- Directions:
Begin at the first line below and copy each line exactly, ending with the line where "ونشرت الممثلة التونسية،" appears.

- Collected data:
-------
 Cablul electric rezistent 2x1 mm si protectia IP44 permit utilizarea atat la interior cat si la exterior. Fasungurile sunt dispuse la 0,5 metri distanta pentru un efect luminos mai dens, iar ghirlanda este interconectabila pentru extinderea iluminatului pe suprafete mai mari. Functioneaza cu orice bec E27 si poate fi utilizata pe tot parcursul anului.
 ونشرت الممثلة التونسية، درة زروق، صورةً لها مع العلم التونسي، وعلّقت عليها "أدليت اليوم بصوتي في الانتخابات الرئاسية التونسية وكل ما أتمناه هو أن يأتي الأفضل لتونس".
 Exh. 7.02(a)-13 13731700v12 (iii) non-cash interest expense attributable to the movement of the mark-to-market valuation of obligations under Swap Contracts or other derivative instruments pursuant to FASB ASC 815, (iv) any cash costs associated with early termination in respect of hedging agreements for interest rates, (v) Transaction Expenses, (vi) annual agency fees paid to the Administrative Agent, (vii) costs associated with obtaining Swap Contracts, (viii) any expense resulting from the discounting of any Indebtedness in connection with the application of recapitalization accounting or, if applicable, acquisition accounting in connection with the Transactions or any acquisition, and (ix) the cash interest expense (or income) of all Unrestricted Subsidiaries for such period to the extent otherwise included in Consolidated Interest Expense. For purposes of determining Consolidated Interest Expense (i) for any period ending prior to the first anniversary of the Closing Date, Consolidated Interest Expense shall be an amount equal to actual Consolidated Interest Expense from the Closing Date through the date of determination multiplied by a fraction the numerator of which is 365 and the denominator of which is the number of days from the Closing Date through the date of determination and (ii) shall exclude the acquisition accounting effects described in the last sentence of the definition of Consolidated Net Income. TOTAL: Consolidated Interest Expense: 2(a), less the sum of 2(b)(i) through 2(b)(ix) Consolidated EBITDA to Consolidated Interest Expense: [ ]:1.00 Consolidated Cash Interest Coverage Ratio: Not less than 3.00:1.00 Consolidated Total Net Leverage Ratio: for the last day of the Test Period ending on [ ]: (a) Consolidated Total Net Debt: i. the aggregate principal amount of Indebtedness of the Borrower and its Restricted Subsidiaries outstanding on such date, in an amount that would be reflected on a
-------
- Response:
 Cablul electric rezistent 2x1 mm si protectia IP44 permit utilizarea atat la interior cat si la exterior. Fasungurile sunt dispuse la 0,5 metri distanta pentru un efect luminos mai dens, iar ghirlanda este interconectabila pentru extinderea iluminatului pe suprafete mai mari. Functioneaza cu orice bec E27 si poate fi utilizata pe tot parcursul anului.
 ونشرت الممثلة التونسية، درة زروق، صورةً لها مع العلم التونسي، وعلّقت عليها "أدليت اليوم بصوتي في الانتخابات الرئاسية التونسية وكل ما أتمناه هو أن يأتي الأفضل لتونس".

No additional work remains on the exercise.